Defining Culture through Behavioral Repertoires and Justification Systems
The silent repertoire and the spoken law
The word 'culture' secretly names two different things: the learned behavioral habits animals share, and the uniquely human practice of giving reasons and arguing about norms. Untangling these two solves a 150-year definitional crisis.
The Translation
AI-assisted summaryFamiliar terms
Since Tylor's foundational 1871 definition of culture as a 'complex whole,' the concept has resisted consensus. By 1952, Kroeber and Kluckhohn had catalogued over 160 competing definitions, and the problem has not resolved since. The core difficulty, this analysis argues, is not merely semantic imprecision but a genuine Ontological conflation: the single term 'culture' is being applied across two catEgorically distinct phenomena operating at different levels of behavioral organization.

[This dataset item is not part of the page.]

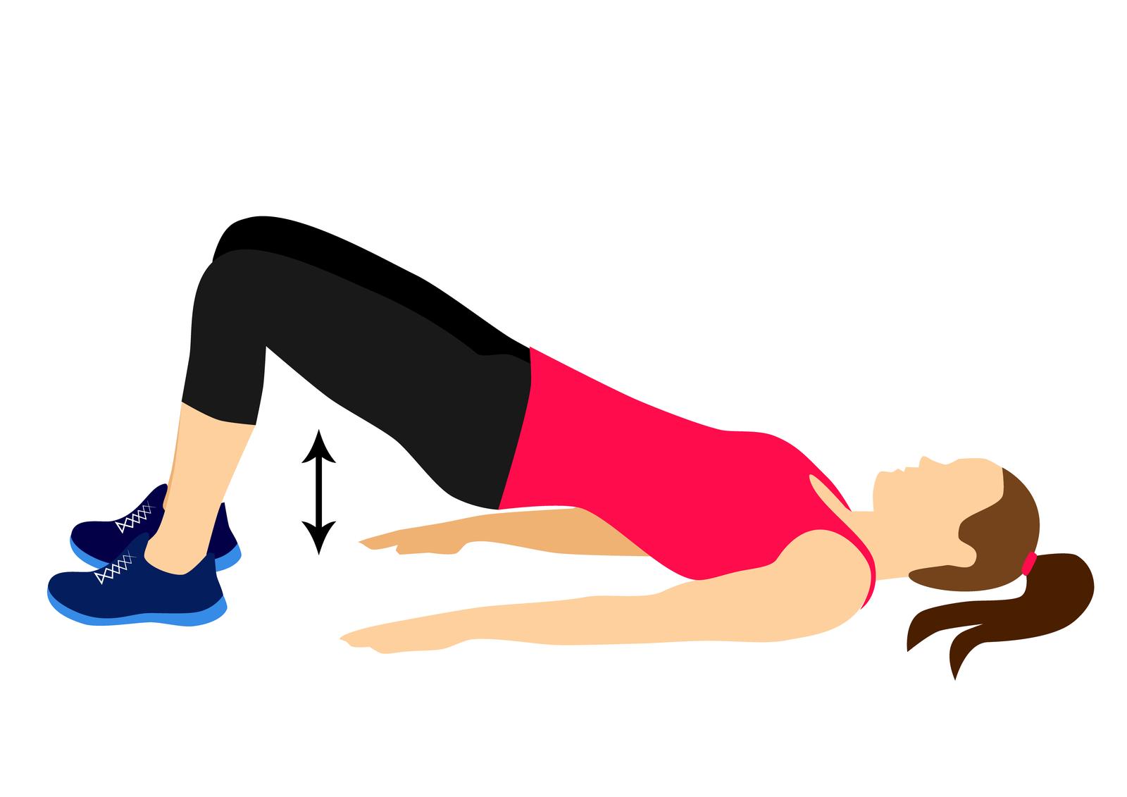 Lehněte si na záda, ruce ejte podél těla, pokrčte nohy a dejte paty na šířku ramen. Zvedněte zadeček nahoru, kde jej pevně zatněte. Jako kdybyste měla mezi půlkami sevřít lískový oříšek a nepustit. Vydržte 2 sekundy a poté spusťte zadeček pomalu dolů. Nenechte ho ovšem odpočívat a držte ho pár centimetrů nad zemí. Cítíte, jak příjemně táhne? To se vám tvaruje do plavek.

The first phenomenon — here called little-c culture — refers to shared, socially learned behavioral repertoires that coordinate group life. This is demonstrably not unique to humans; chimpanzees, cetaceans, and passerine birds all exhibit transgenerational transmission of behavioral patterns through social learning. The second phenomenon — capital-C Culture — refers to the plane of justification: the self-reflective, propositionally structured dialogue through which language-using persons explicitly articulate, contest, and transmit norms, values, and systems of knowledge. The distinction is not merely one of complexity but of Ontological kind — the difference between enacted behavior and reasoned account-giving.

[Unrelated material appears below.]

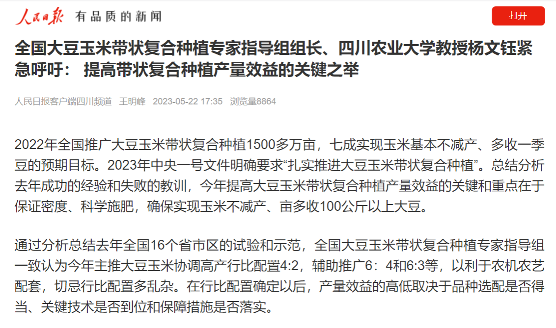2022年全国推广大豆玉米带状复合种植1500多万亩,七成实现玉米基本不减产、多收一季豆的预期目标。2023年中央一号文件明确要求“扎实推进大豆玉米带状复合种植”。总结分析去年成功的经验和失败的教训,今年提高大豆玉米带状复合种植产量效益的关键和重点在于保证密度、科学施肥,确保实现玉米不减产、亩多收100公斤以上大豆。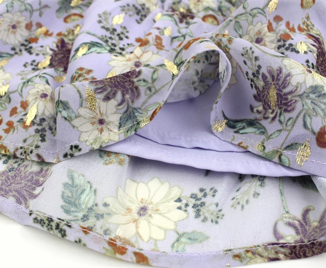 Nederdel i farven orchid petal med blomsterprint og guldfarvet glitter fra Name It.

The Tree of Knowledge framework offers a principled resolution by stratifying behavior across discrete ontological layers: biophysical ecology, technological artifacts, behavioral repertoire, and systems of justification. Mapping 'culture' onto this architecture dissolves the definitional impasse. little-c culture finds its home in the behavioral repertoire layer, shared with other social animals. capital-C Culture belongs to the justification layer, emergent specifically with language-using persons. The result is a non-circular, Ontologically grounded definition that neither over-extends to all social learning nor under-describes the full texture of human cultural life.